The econometric results suggest that external networks positively affect all aspects of the innovation of indigenous Chinese firms. Interview evidence confirms that external networks serve as important channels for direct help and supports and indirect spillover effects from external sources. This is especially true and important for small- and medium-sized enterprises such as the two private enterprises Lida and Richen. The interviewees from both firms consider that external networks with other firms, suppliers, partners, banks, governments, universities, and R&D institutions are critical factors for their performance. A firm that is embedded in external networks, as a result, has the potential to access R&D resources from those external networks. Actively interacting with other firms, business partners, R&D institutions, and universities is important in improving innovation. A strong external network promotes interactions between socioeconomic agents and facilitates information and knowledge sharing. With a robust external network, a firm can enjoy benefits derived from interactions with other economic agents, and such interactions influence the development of R&D. Therefore, the Chinese government should help firms build and extend their external networks and facilitate interactions between firms and other economic agents with the purpose of sharing information, knowledge, and experience of production and R&D.

FDI clearly has a negative effect on the patents of indigenous manufacturing firms. This finding is in line with several empirical studies (Chen 2007; Zhang and Rogers 2009; Sun and Du 2010). This demonstrates the fierce competition between MNEs and indigenous Chinese firms. Indigenous Chinese firms may concentrate more on production rather than original innovation. Sinani and Meyer (2004) argue that indigenous firms may lose employees with talent and skills to foreign firms because MNEs normally provide higher salaries and better rewards to lure and retain these employees. This consequently reduces indigenous firms’ capabilities in innovation. The increased competition brought by MNEs may reduce the market share of indigenous firms and affect their profitability, which in turn may restrict their capabilities of investing in innovative activities. Du, Li, and Wu (2008) note that firms that cannot meet the new technological challenges may be crowded to the periphery of the industry. As a result, they may be inclined to concentrate on more labor-intensive, rather than technology-intensive, products. Indigenous firms may also heavily depend on foreign technologies brought by MNEs and reduce their own innovation activities.

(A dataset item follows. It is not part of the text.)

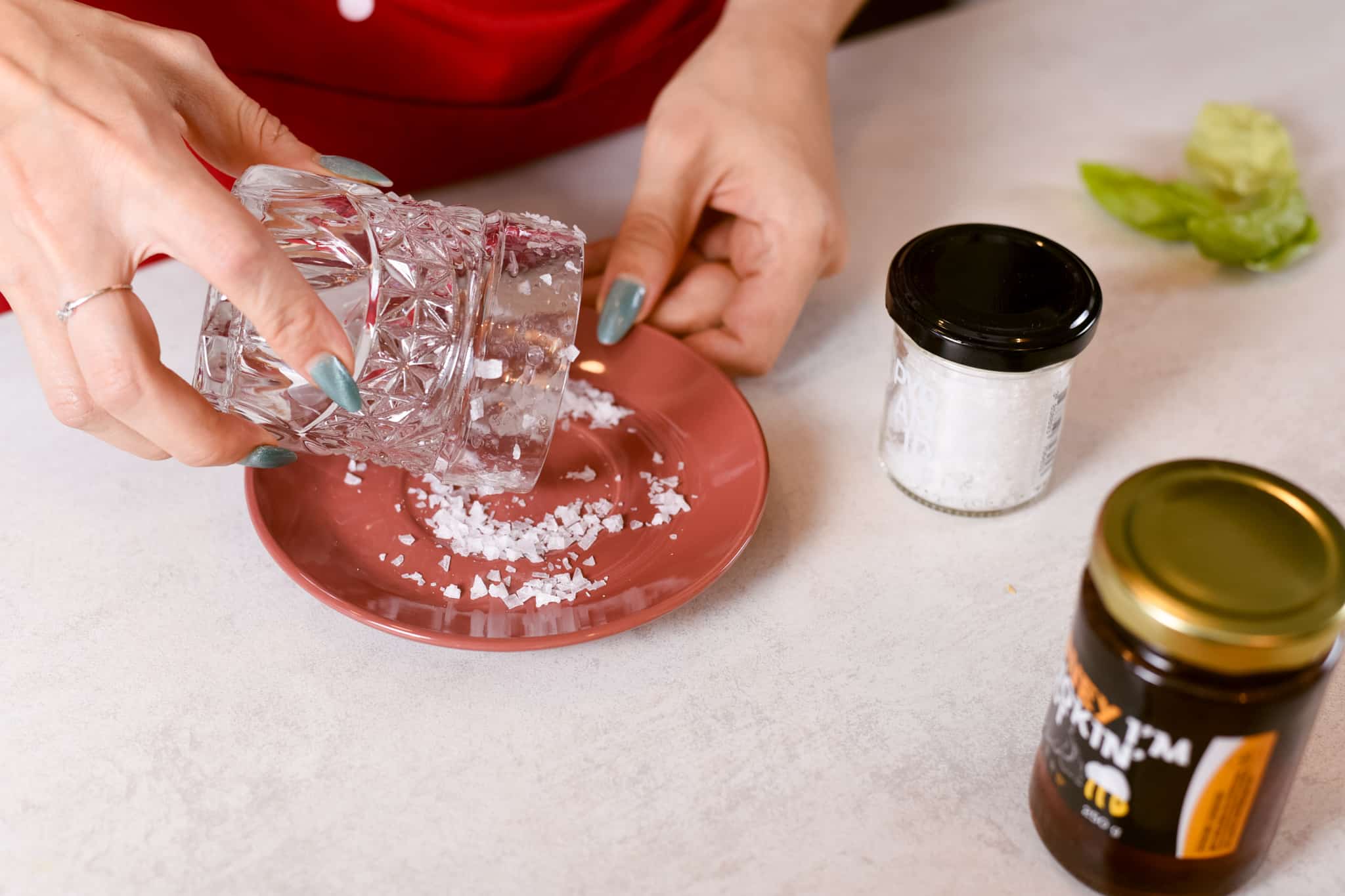 Nisku čašu obrubite sokom limete i Pyramid cvijetom soli i odložite sa strane.
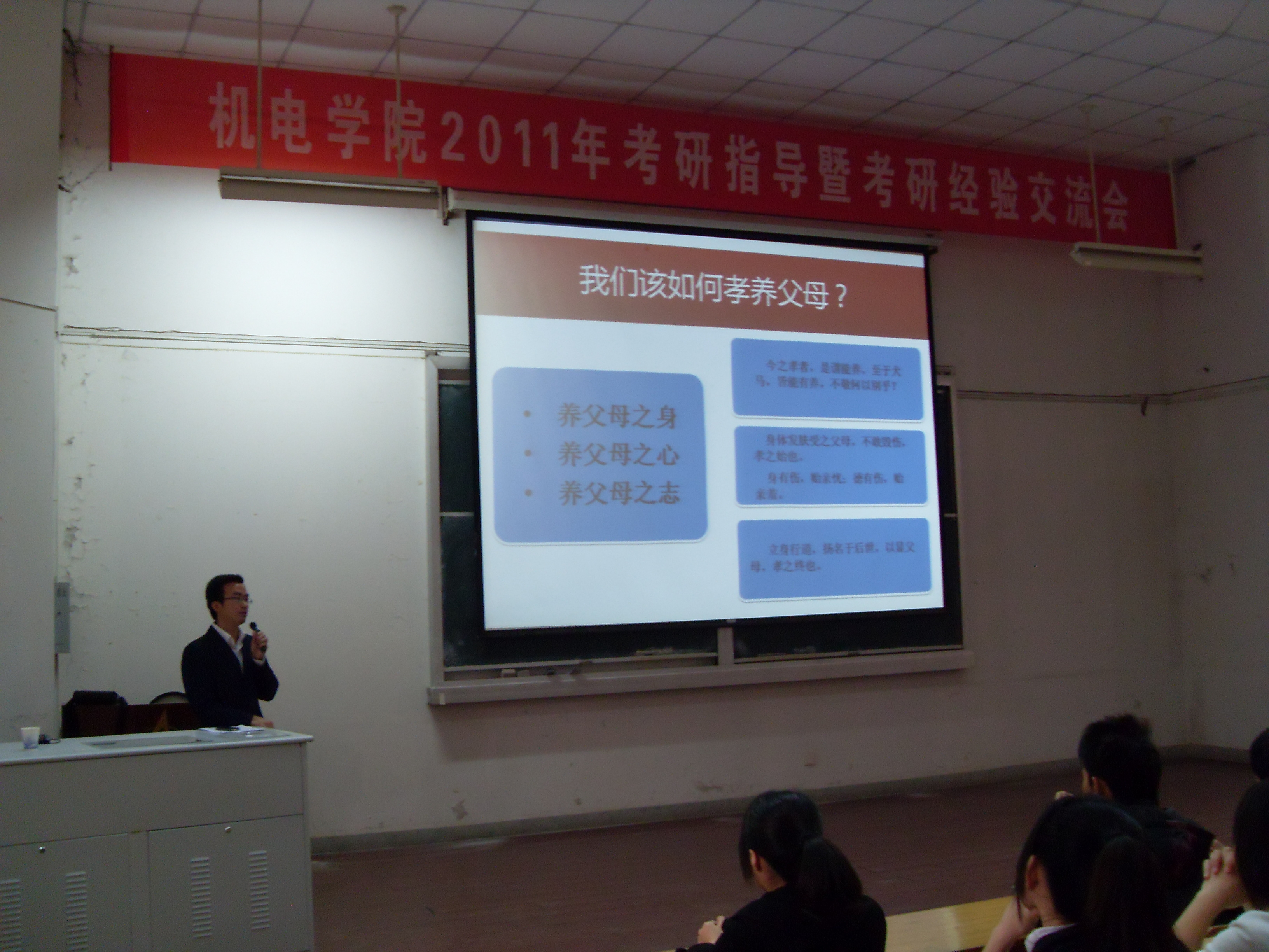 主题班会是辅导员老师对学生集中开展思想教育的重要阵地。为了进一步提高辅导员主题班会的设计和组织水平,促进相互交流相互学习。2011年11月10日上午在学校2教报告厅,学生处邀请了安徽师范大学文学院本科生辅导员吴青山来我校为数学111/2、工设111/2的班级学生召开了“感恩,孝亲,责任”的主题班会。各学院学生工作分管领导和全体辅导员到场观摩学习。吴老师的班会从自身成长历程出发,结合中国传统文化,通过生动的PPT,讲述了何为“爱”,何为“孝”,教育和引导学生要知父母恩,报父母恩,孝亲不仅要做到养父母之身,更重要的是做到养父母之心,养父母之志。30分钟的主题班会,紧扣主题,入情入理,深深地感染着在场的师生。吴老师是用心和实际行动诠释着“感恩”这一主题的,他在大学读书期间组建了“五四爱心学校”,和志愿者共同开展无偿家教活动, 2010年发起 “五四爱心基金”,帮助贫困学子完成学业,因事迹突出被授予第十四届“中国青年五四奖章”。

All of these scenarios may indicate the negative and/or statistically insignificant FDI innovation spillover effects. Results from interviews indicate that innovations of the private firms are not significantly affected by MNEs. Lida and Richen are small in size and focus only on niche markets. They were not in direct competition with MNEs, whereas Haier, Midea, and Bosideng face competition from foreign firms in their target markets. In the meantime, they have connections with MNEs in the forms of partnership or supply chain relationship. When asked, “Do you view foreign presence in your main business lines as a positive impact or a negative impact?,” the interviewees from Midea and Bosideng suggested that the negative impact was more significant even though FDI sometimes brought about positive spillover effects. They suggested that foreign counterparts were better positioned in both resource and product markets and they had stronger bargaining power when negotiating with governments, suppliers, and customers. For Haier, on the other hand, the interviewee suggested that Haier was one of the industry leaders and it had strong firm-specific advantages such as R&D capability, international experience, management skills, brand image and recognition, and consumer base and loyalty, all of which help Haier in effectively competing with foreign counterparts in the Chinese home appliance market.

Our empirical findings may be applicable to other Asian economies where governments have played an active role in business environment, property rights protection has been improved, and extensive external networks have been built up that encourage interactions, feedbacks, and collaborative efforts between different economic agents such as firms, R&D institutions, universities, and government departments. These institutional factors can facilitate indigenous innovation.

Future research may follow three directions. First, institutions could affect firm innovation activities or the proclivity of firms to innovate indirectly through various channels. The current study only considers the direct effects of institutions. The possible moderating role of institutions is worth considering. Second, though this study has found that FDI has not exerted positive direct effects on innovation, FDI may affect innovation indirectly through, for example, affecting market structure and/or the degree of competition. Third, although it is found that government assistance positively affect innovation, government assistance is not cost-free, it is therefore important to conduct cost–benefit analysis on government assistance.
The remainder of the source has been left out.